Breastfeeding till late can be a painful experience given that your baby’s teeth will start growing once it is about 7-9 months old. This is one of the reasons mothers do not breastfeed their child after they are about 40 weeks old in spite of the fact that it is recommendable till the age of 2 years. Baby’s biting during breastfeeding is a common experience with most mothers experiencing this at some point.

Having said all of this, biting during breastfeeding can be prevented. Although you will be tempted to stop nursing once your baby starts teething, there is no need to do this. Let us see how.

1.When actively nursing, your baby cannot bite

When latched on properly and feeding actively, it is impossible for your baby to bite. Your baby’s teeth will one inch behind the nipple on the areola. In this ideal position, your baby’s tongue will cover his lower teeth and gums. Therefore make sure you and your baby are positioned properly when breastfeeding.

2.Do not push the baby away

 Your baby can bite you only when the nipple is not placed deep inside his/her mouth. Pushing your baby away is an involuntary reaction to being bitten. However, you should be pulling your baby towards you instead. This will ensure your nipple is deep inside your baby’s mouth and the teeth do not touch it.

3.Time your baby’s feeding cycle and do not force feed him/her

 Observe your toddler keenly. Note when it is hungry, when is it sleepy and when it just wants to play with people around him (yes babies have their schedules too). Babies tend to bite towards the end of nursing when they are full. Adjust your schedule around your baby’s. Forcing your baby to breastfeed will never help.

4.Stop nursing before your baby dozes off

Your baby is likely to clench its teeth while sleeping. If your baby starts falling asleep in the middle of nursing, it will be very painful and challenging to remove your nipple from baby’s mouth. Be alert and do not let your baby sleep midway. If it starts dozing off, do not hesitate to use your finger to remove your nipple from the baby’s mouth.

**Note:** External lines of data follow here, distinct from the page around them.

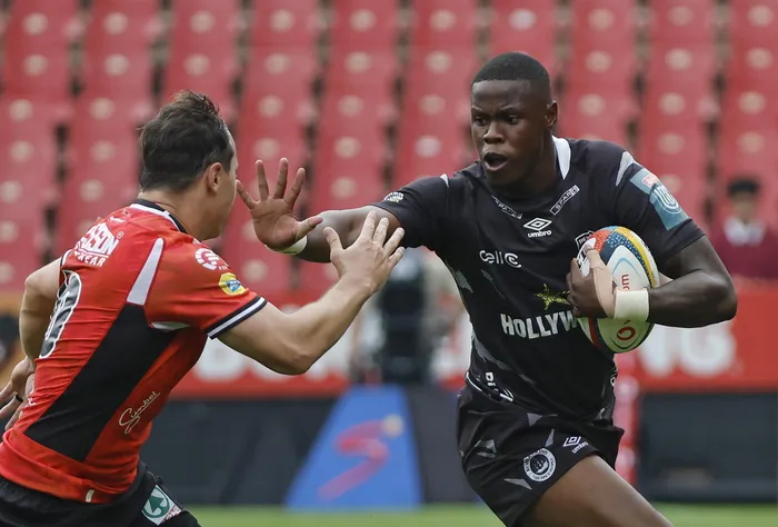 Sharks fullback Aphelele Fassi tries to hand off a Lions defender during their United Rugby Championship clash.
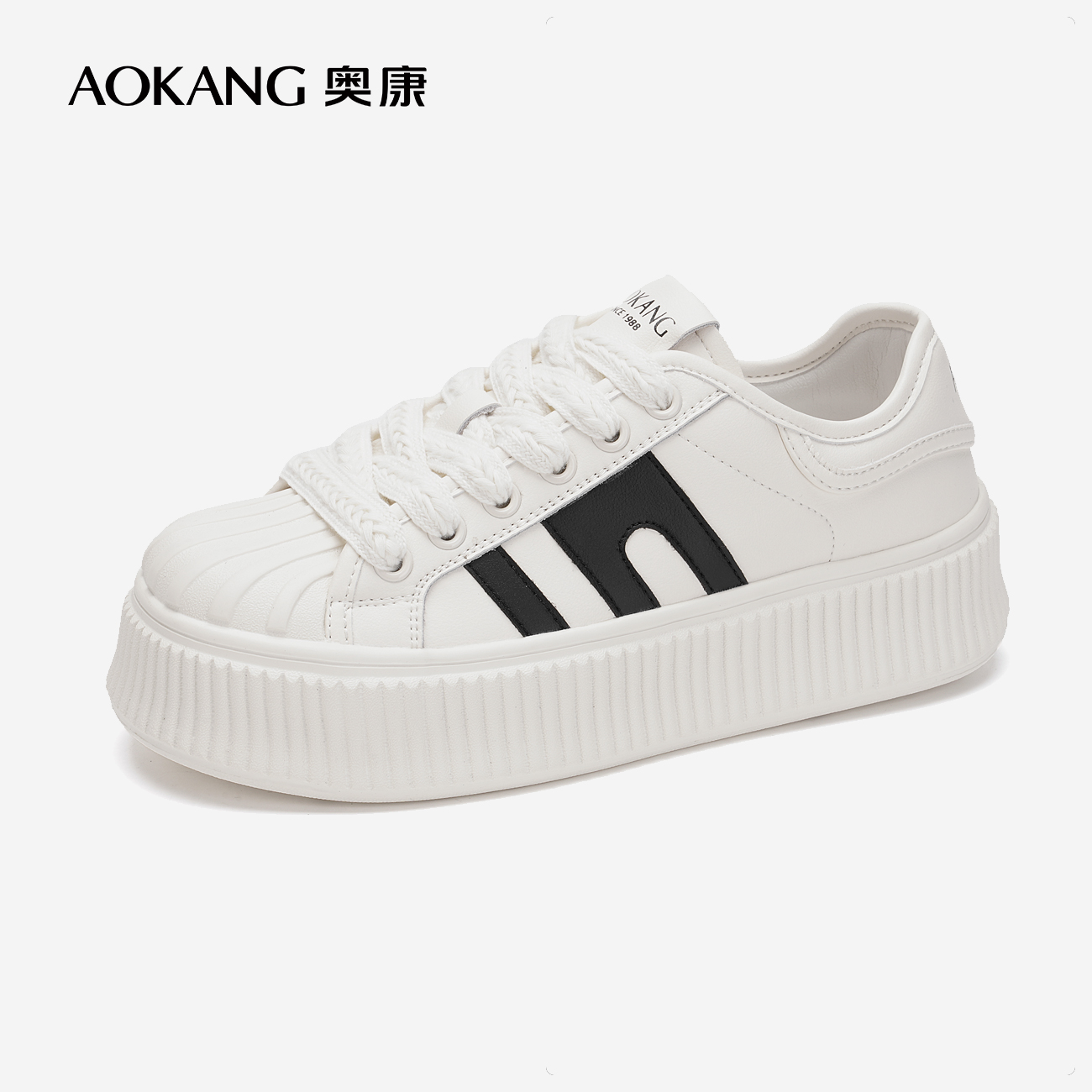门店发货 时尚 奥康女鞋 厚底圆头贝壳头鞋 百搭潮 新款
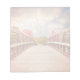 A notepad with a scenic looking wooden bridge leading into a pathway surrounded by forest trees changing colour.
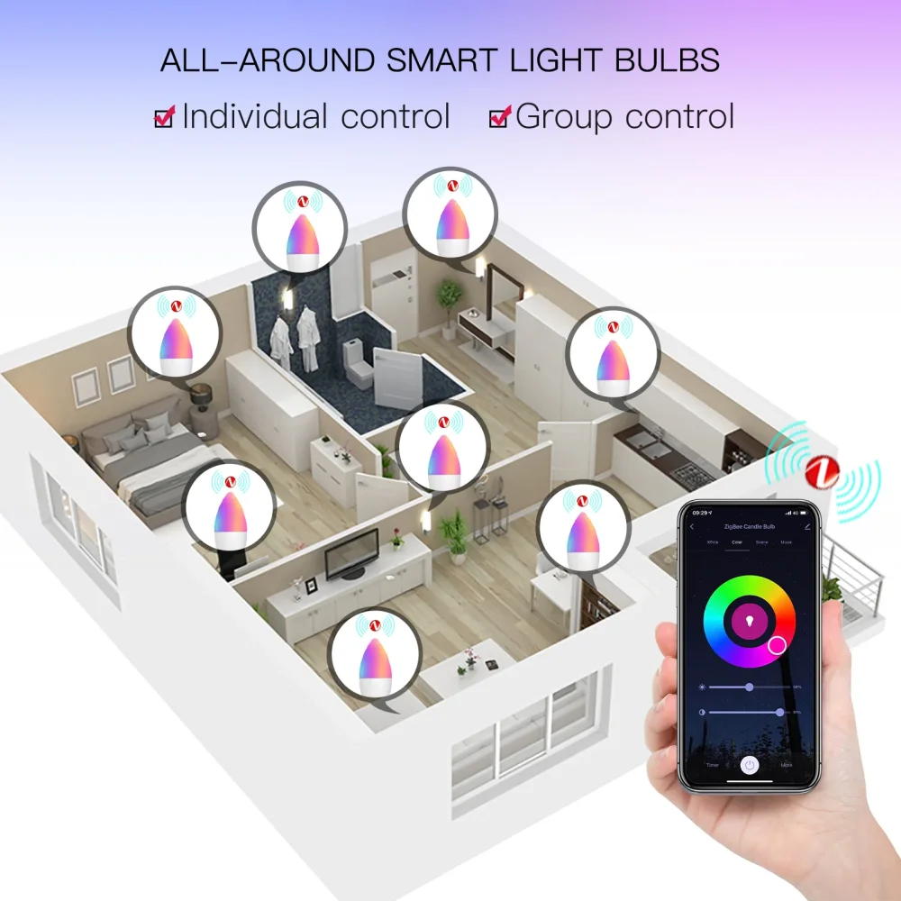 The ZigBee Smart E14 Candle LED Light is an intelligent 5W LED bulb that offers a wide spectrum of colors and color temperatures ranging from 2200K to 6500K. With ZigBee technology, it integrates seamlessly into your smart home and enables the creation of various lighting scenes to match your mood. More

5.Avoid distractions and communicate to your baby

 A distracted baby may move during breastfeeding this can make it bite you. Also, if the mother is distracted then it may bite to get her attention. So breastfeed in a quiet place as far as possible. Communicate to your baby, let your little one know that his/her mother is with her. Communicate to tell your baby that it shouldn’t bite, your baby is smarter, more observant and faster learner than you think.

6.The milk supply should not stop 

If the milk is not freely flowing into your baby’s mouth, he/she may bite out of frustration. Therefore, ensure that the milk supply is plentiful and you don’t have plugged ducts.

7.Put your baby down if it bites

This is a good way of letting your baby know that he/she shouldn’t bite during breastfeeding. Put your baby down when it bites, and continue nursing after a moment. Your baby will learn that biting means an end to feeding. Most 9-month-olds can learn through the mother’s body language.